RECORDED DATA>
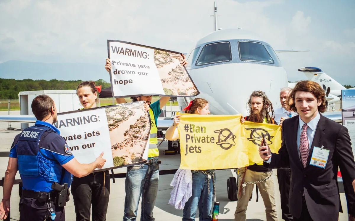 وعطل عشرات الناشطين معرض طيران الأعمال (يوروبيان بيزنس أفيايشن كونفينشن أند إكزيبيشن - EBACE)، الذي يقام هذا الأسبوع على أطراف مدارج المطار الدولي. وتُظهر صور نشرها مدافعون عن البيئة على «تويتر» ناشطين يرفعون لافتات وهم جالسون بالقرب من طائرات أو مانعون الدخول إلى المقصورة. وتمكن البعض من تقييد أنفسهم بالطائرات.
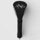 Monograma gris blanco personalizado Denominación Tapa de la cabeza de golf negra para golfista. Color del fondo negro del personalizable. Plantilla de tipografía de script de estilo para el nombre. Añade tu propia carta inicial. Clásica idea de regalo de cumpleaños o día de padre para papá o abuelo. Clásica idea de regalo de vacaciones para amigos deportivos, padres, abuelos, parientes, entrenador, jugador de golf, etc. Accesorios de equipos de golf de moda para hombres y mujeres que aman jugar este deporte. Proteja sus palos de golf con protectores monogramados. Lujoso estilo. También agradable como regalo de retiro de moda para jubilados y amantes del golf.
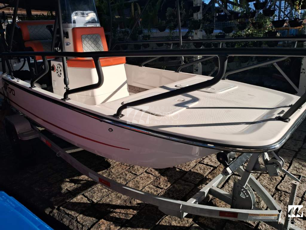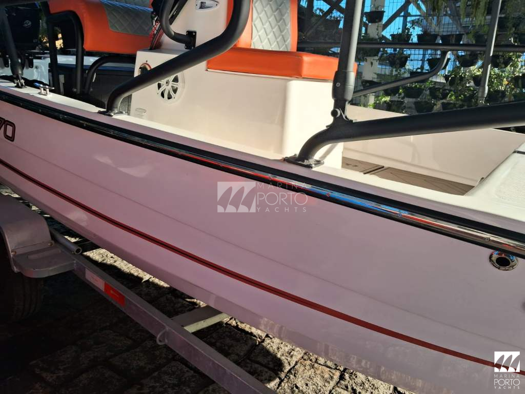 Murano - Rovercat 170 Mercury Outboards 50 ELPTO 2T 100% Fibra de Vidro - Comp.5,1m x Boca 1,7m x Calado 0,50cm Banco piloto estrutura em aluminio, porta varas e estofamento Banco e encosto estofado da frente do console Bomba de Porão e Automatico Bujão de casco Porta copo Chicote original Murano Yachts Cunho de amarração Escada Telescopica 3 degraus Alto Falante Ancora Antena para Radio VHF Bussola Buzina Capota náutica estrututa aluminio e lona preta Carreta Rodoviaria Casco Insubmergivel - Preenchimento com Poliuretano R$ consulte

PROMPT>
Please print everything in the material exactly, apart from the pictures.

SOLUTION>
 وعطل عشرات الناشطين معرض طيران الأعمال (يوروبيان بيزنس أفيايشن كونفينشن أند إكزيبيشن - EBACE)، الذي يقام هذا الأسبوع على أطراف مدارج المطار الدولي. وتُظهر صور نشرها مدافعون عن البيئة على «تويتر» ناشطين يرفعون لافتات وهم جالسون بالقرب من طائرات أو مانعون الدخول إلى المقصورة. وتمكن البعض من تقييد أنفسهم بالطائرات.
 Monograma gris blanco personalizado Denominación Tapa de la cabeza de golf negra para golfista. Color del fondo negro del personalizable. Plantilla de tipografía de script de estilo para el nombre. Añade tu propia carta inicial. Clásica idea de regalo de cumpleaños o día de padre para papá o abuelo. Clásica idea de regalo de vacaciones para amigos deportivos, padres, abuelos, parientes, entrenador, jugador de golf, etc. Accesorios de equipos de golf de moda para hombres y mujeres que aman jugar este deporte. Proteja sus palos de golf con protectores monogramados. Lujoso estilo. También agradable como regalo de retiro de moda para jubilados y amantes del golf.
 Murano - Rovercat 170 Mercury Outboards 50 ELPTO 2T 100% Fibra de Vidro - Comp.5,1m x Boca 1,7m x Calado 0,50cm Banco piloto estrutura em aluminio, porta varas e estofamento Banco e encosto estofado da frente do console Bomba de Porão e Automatico Bujão de casco Porta copo Chicote original Murano Yachts Cunho de amarração Escada Telescopica 3 degraus Alto Falante Ancora Antena para Radio VHF Bussola Buzina Capota náutica estrututa aluminio e lona preta Carreta Rodoviaria Casco Insubmergivel - Preenchimento com Poliuretano R$ consulte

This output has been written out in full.